Patrick Galey, investigations lead at Global Witness, said: “After a year of unchartered climate extremes and huge energy bills, which are set to spike again in many countries this year, Wael Sawan’s obscene pay packet will feel like a slap in the face for millions.

“It’s maddening to know that Big Oil bosses like Sawan are raking it in, as they double down on the oil and gas that’s fuelling climate devastation, and continue to profit from an energy crisis that’s leaving so many of us poorer.”

Details on Shell’s executive pay came as the London-listed group set out five-year plans to ramp up cost savings and cut spending as it pledged to “deliver more value with less emissions”.
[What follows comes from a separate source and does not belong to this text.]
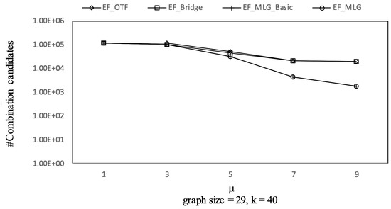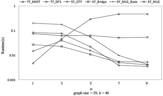 The experimental results on Ncfu are shown in Figure 16, Figure 17, Figure 18 and Figure 19. The overall trends were similar to those from GraphGen. We noticed that there was no bridge in Ncfu; thus, the bridge-based pruning did not work in the edge filtering algorithms. Algorithm EF_MLG was the best algorithm, while its superiority relative to EF_MLG_Basic weakened. The reason is that, as a sparse graph, the ratio of cycles of Ncfu was lower than that of GraphGen. There are also many in-line curves, and the reasons are the same to that of experiments on GraphGen.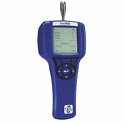Particle Counter Particle Size 0.3 1.0 and 5.0 um Flow Rate 0.1 cfm Relative Humidity Range 20 to 95 Percent Temp Range 41 Degrees to 95 Degrees F Display Backlit Graphical Display Data Storage 1500 Records Number of Channels 3 Count Modes Concentration Counts Interface USB Powered By AC Adapter 110 To 240 V AC 50/60 Hz Or Li-Ion Rechargeable Battery NIST Calibration Certificate

The oil giant told investors it would now look to strip out a cumulative five billion US dollars to seven billion US dollars (£3.9 billion to £5.4 billion) a year by the end of 2028.
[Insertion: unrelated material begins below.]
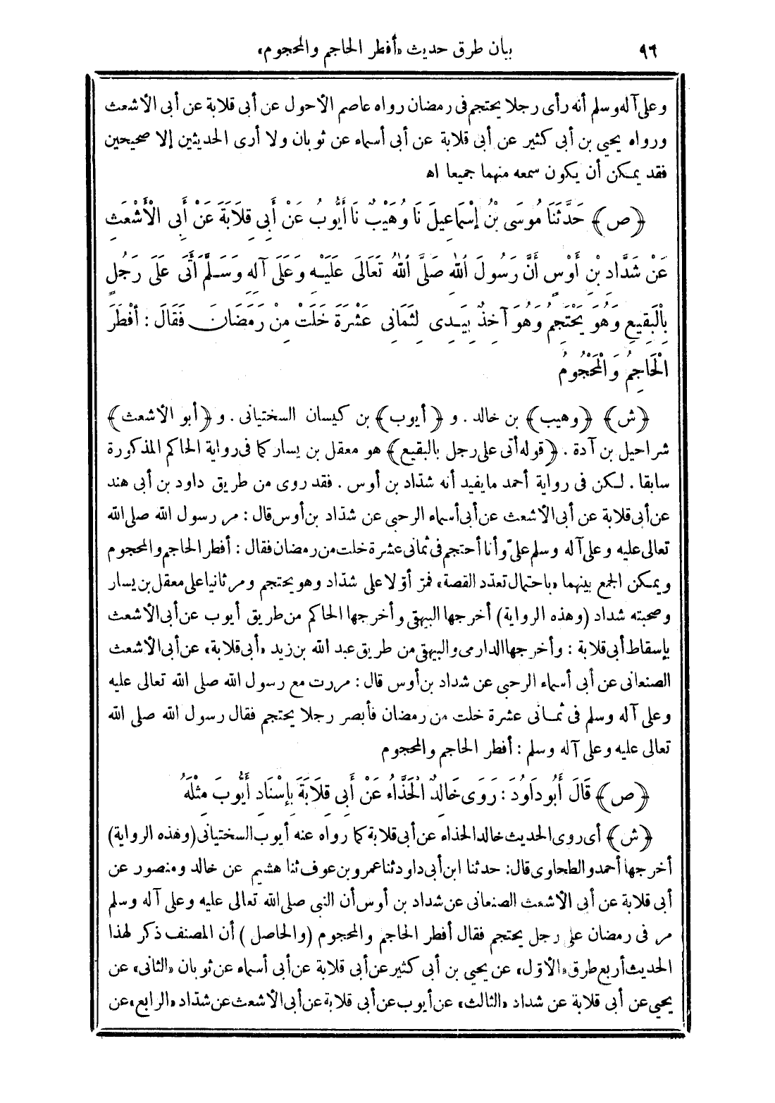وعلى آله وسلم أنه رأى رجلا يجتجم فى رمضان رواه عاصم الأحول عن أبى قلابة عن أبى الأشعث ورواه يحيى بن أبى كثير عن أبى قلابة عن أبى أسماء عن ثوبان ولا أرى الحديثين إلا صحيحين فقد يمكن أن يكون سمعه منهما جميعا اهـ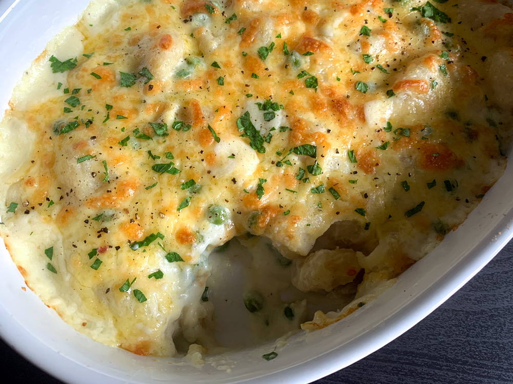 In a supermarket, I saw a young man buying Gnocchi and choosing a tub of sauce. He chose the white sauce. I wanted to teach him this recipe. Read the instructions below. It is so easy. While you are boiling water to cook Gnocchi, the sauce will be done. If you don’t bake it, it would be even easier and quicker.

This is up from the previous aim for two billion dollars to three billion dollars (£1.5 billion to £2.3 billion) by the end of 2025.

It has already delivered more than 3 billion dollars (£2.3 billion) of cost savings under current plans, with its annual report showing a 7% drop in its workforce to 96,000 at the end of last year, including so-called “portfolio companies” within the group.

The group said it would continue to keep a tight rein on contractor costs, which are already down by 30% since 2023, as well as using artificial intelligence and tech to make savings.

“We will continue to focus on lowering our structural costs, which will be increasingly non-portfolio driven, leveraging cost saving opportunities through AI, technology and in our procurement processes,” Shell said.

It also committed to lowering its spending to 20 billion dollars to 22 billion dollars (£15.5 billion to £17 billion) a year over the next three years, while boosting investor returns through share buybacks and dividend payouts.

Other targets outlined included aims to grow its top-line production across the group’s upstream and integrated gas business by 1% a year over the next five years.

It added it would seek to grow sales of liquefied natural gas (LNG) by 4% to 5% a year through to 2030.

In its plan, the firm said it would spend up to 10% of total equity and debt on lower carbon businesses by the end of the decade, having last year significantly watered down its climate pledges.

Chief financial officer Sinead Gorman said on Tuesday that Shell would spend two to three billion dollars (£1.5 billion to £2.3 billion) on its renewables and energy solutions business over the next three years.

It cautioned over plans to shut some chemicals operations across Europe, saying it also wants to explore “strategic and partnership opportunities in the US”.

The group does not have chemicals operations in the UK.

Mr Sawan said he wanted the firm to be the “world’s leading integrated gas and LNG business”.

He added: “Today we are raising the bar across our key financial targets, investing where we have competitive strengths and delivering more for our shareholders.”

Last year, Shell controversially dropped a plan to reduce net carbon intensity by 45% by 2035 and instead said it would aim for a 100% reduction by 2050.

It also revealed plans to reduce the “net carbon intensity” of the energy it sells by 15% to 20% by 2030 compared with 2016, having previously targeted a 20% reduction.

Its LNG business has attracted anger from sustainability-conscious investors, with a group led by UK and Australian pension funds recently filing a resolution at its upcoming annual general meeting questioning Shell’s LNG plans and how they line up with its 2050 net zero aims.